Beijing, the EU, Canada, and Mexico have all responded with retaliatory tariffs of their own — which, aside from the much ballyhooed relocation of some Harley-Davidson plants and angst from soybean farmers — have failed to change the upward trajectory of the economy.

We’ve been repeatedly warned that trade wars are economically calamitous and drive up prices, trigger job loss, and suppress economic growth. But on Friday, the Bureau of Economic Analysis is expected to tell us that the economy grew at an unprecedented four percent (or more) in the second quarter of this year. So all the tit-for-tat restrictions on trade between our allies and economic partners have failed to produce any negative economic fallout — at least for now.

As the global community continues to hand-wring over trade, no one is watching one of the most vital commodities in the world: oil. The price of crude has been downright explosive; analysts have been ranting about oversupply concerns one day and soaring demand the next. The financial headlines present a shifting narrative of terms such as “surplus” and “falling surplus,” “gluts” and “reduced output.”

What’s driving all the madness? First and foremost — Iran. With the reinstitution of sanctions looming and President Trump’s desire to stop buying any and all Iranian crude, some one million barrels a day could go offline. And President Rouhani’s “mother of all wars” threat against the U.S. earlier in the week did little to calm tensions.

And then there’s OPEC, which agreed to raise production last month to offset supply shortfalls, but negotiations among top producers (which include Iraq and Venezuela) were tense — and the resulting agreement was vague. The OPEC nations capped production some 18 months ago in an effort to boost prices, so increasing output would not necessarily be in their best interests.

Finally, when we add a roaring global economy and rising energy demands to the mix, we have ideal conditions for a critical global oil supply shortage. Such a scenario would result in more dramatic price spikes and an ensuing market panic.

Jeanette Casselano, Director of Public Relations for AAA, describes the current situation as highly volatile and recently stated that “July gas prices have been on a roller coaster ride.” Indeed, the price of the average tank of gas has spiked more than 20% since 2017, while WTI crude, often used as a benchmark in oil pricing, is up over 40% in the same time frame.

Oil booms and busts are legendary in the annals of American history, and fluctuations in oil prices have dangerous economic implications. In the summer of 2008, the price of crude catapulted to over $140 per barrel — and by the end of the year had fallen to less than $50. That was about the time Warren Buffett warned that “exploding inflation” — whether in oil or steel — was the biggest risk to the American economy.

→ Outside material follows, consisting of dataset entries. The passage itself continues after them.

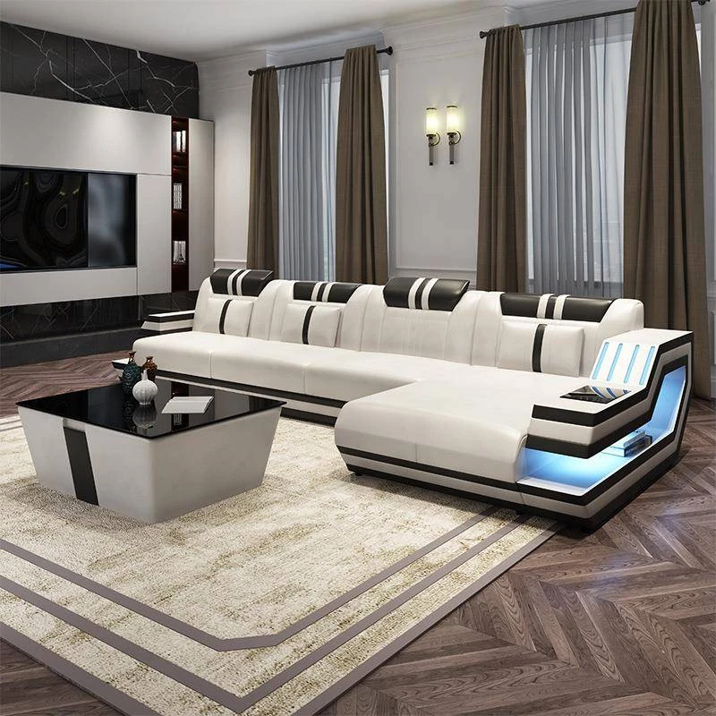 LED Sofa with USB Music Speakers - Modern Multifunctional Leather Sofa Set for Living Room
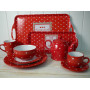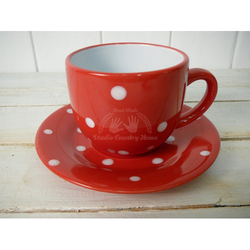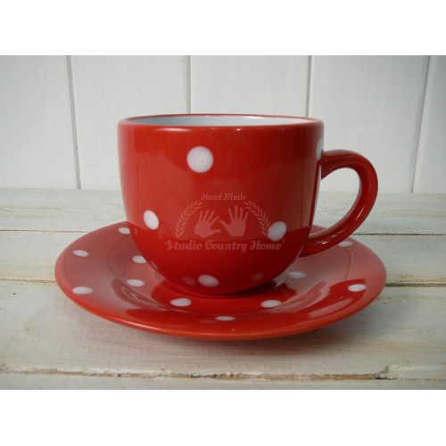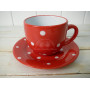 Sada keramickej šálky s podšálkou červenej farby s bielymi bodkami zn. DMD. Šálka má 200 ml a tanierik má pr. 14,5 cm. V ponuke sú aj iné kusy z tejto kolekcie.
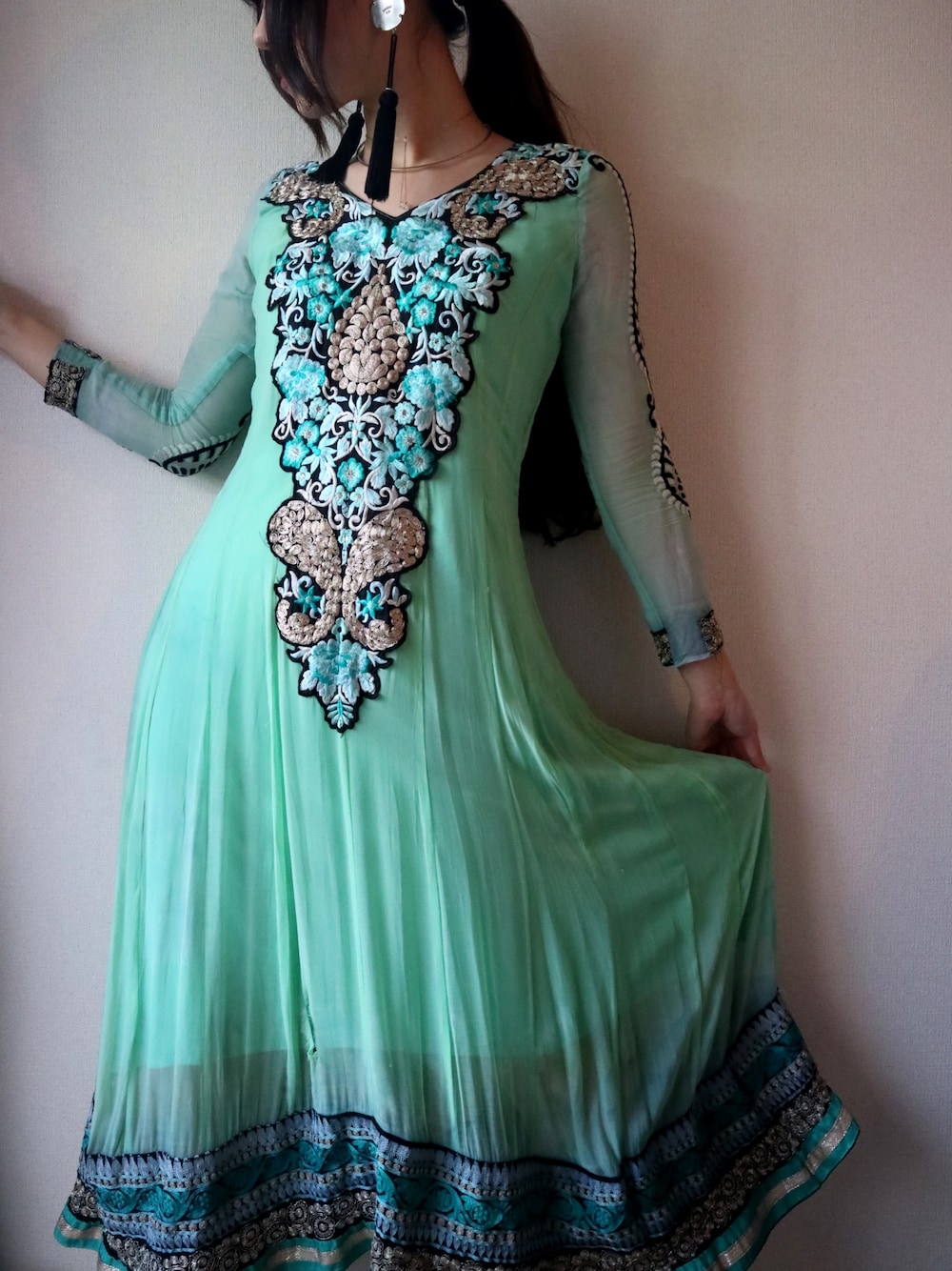 グリーン系のワンピース/ドレスを着用したレディースの春コーディネートの1枚目の写真

It’s no coincidence that the last five U.S. recessions were preceded by a dramatic spike in oil prices. The rising price of oil/gasoline directly impacts U.S. households and consumers by triggering energy inflation. It also results in higher costs for transportation and manufacturing, which undermine business profitability and create a drag on wages and job creation. This can stop economic growth in its tracks.

Rising oil prices also impact gold prices. When crude prices hit record levels in 2008, gold prices rose over 8%. The following year, the yellow metal’s price surged over 21% and, by the summer of 2011, hit an all-time high above $1,900 per ounce.

With veteran oil watchers predicting that crude prices could approach $200/barrel (or more) in the next 12 to 18 months, the risk to the economy is quite clear. Likewise, the benefit of holding gold as a strategic hedge is even clearer.